Where Division 83A-C of the ITAA applies to an employee share scheme (ESS) interest, an amount will be included in the assessable income of a participant under subsection 83A-110(1) in respect of their interest in the income year in which the ESS deferred taxing point occurs.
The ESS deferred taxing point for shares or rights is worked out under section 83A-115 of the ITAA 1997 or section 83A-120 of the ITAA 1997. However because subdivision 83A-C of the ITAA 1997 applies to shares or rights acquired before 1 July 2009 by virtue of subsection 83A-5(2) of the IT(TP)A 1997, subsection 83A-5(4) of the IT(TP)A 1997 applies.
Subparagraph 83A-5(4)(b)(i) of the IT(TP)A 1997 provides that the ESS deferred taxing point for a share or right acquired before 1 July 2009 will be the cessation time mentioned in former subsection 139B(3) of the ITAA 1936, subject to subsection 83A-120(3) of the ITAA 1997.

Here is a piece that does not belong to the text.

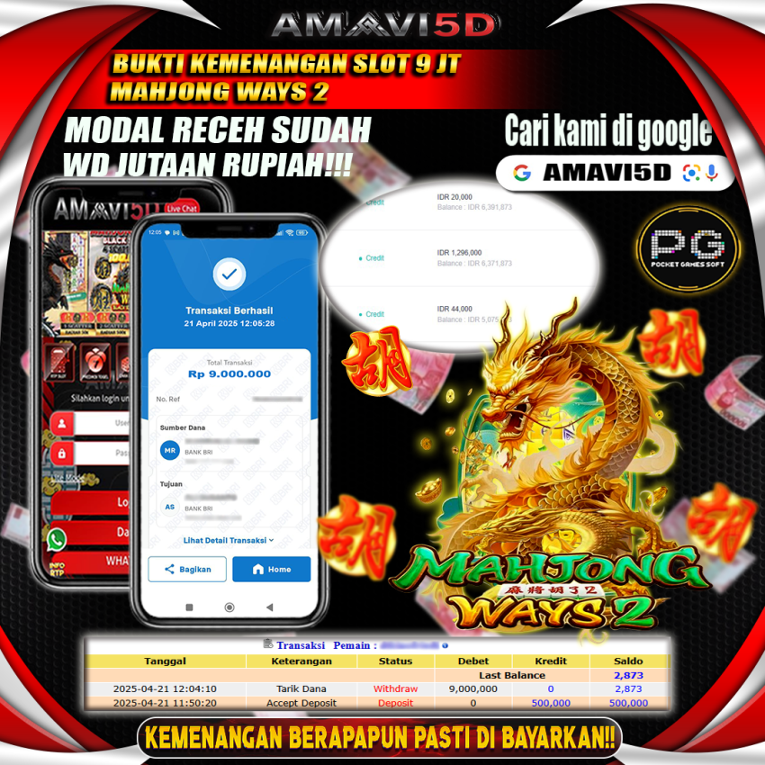 AMAVI5D JACKPOT SLOT MAHJONG WAYS 2 Rp 9.000.000 SENIN, 21 APRIL 2025

Subsection 139B(3) of the ITAA 1936 refers to cessation times regarding shares and these are established in Subsections 139CA and B of the ITAA 1936 which defines the cessation time for shares with restrictions as being the earliest of the following:
(a) the time when the taxpayer disposes of the share;
(b) subject to subsection (4) the later of:
(i) the time when any restriction preventing the taxpayer from disposing of the share ceases to have effect; and
(ii) the time when any condition that could result in the taxpayer forfeiting ownership of the shares ceases to have effect;
(c) the time when the employment in respect of which the share was acquired ceases;
(d) the end of the 10 year period starting when the taxpayer acquired the share.

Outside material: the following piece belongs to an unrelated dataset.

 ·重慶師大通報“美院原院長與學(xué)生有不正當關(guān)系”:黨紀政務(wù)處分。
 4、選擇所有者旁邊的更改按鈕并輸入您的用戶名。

In your case, the shares have not been disposed of, any restrictions or conditions preventing you from disposing of the shares or forfeiting the shares are still in effect. As the shares are held in trust by the plan trustee and you have not sought or been granted permission for their disposal, restrictions and conditions are still in place that prevent you from disposing of or forfeiting the shares. Your employment in respect of which the shares were acquired has not ceased and it has not been 10 years sine you acquired the shares.
As none of the conditions listed above have been met, cessation time for your shares held in Company A has not occurred, therefore the taxing point has not been triggered.
The taxation of the discount for the shares received prior to 1 July 2009 differs from those received after that date, due to the legislative changes that were introduced. Division 83A of the ITAA 1997 defines the ESS deferred taxing point as being the earliest time when:
· There is no real risk, under the conditions of the employee share scheme, you will forfeit or lose the ESS interest (other than disposing of it); and
· If at the time you acquired the interest, the scheme genuinely restricted you immediately disposing of the interest - the scheme no longer restricts you.
Under the previous legislation (Division 13A of the ITAA 1936) employee share schemes were able to continue to defer the cessation time by notionally continuing the selling restrictions. Division 83A of the ITAA 1997 which applies to those interests acquired after 1 July 2009 requires there to be genuine selling restrictions for the deferral to continue.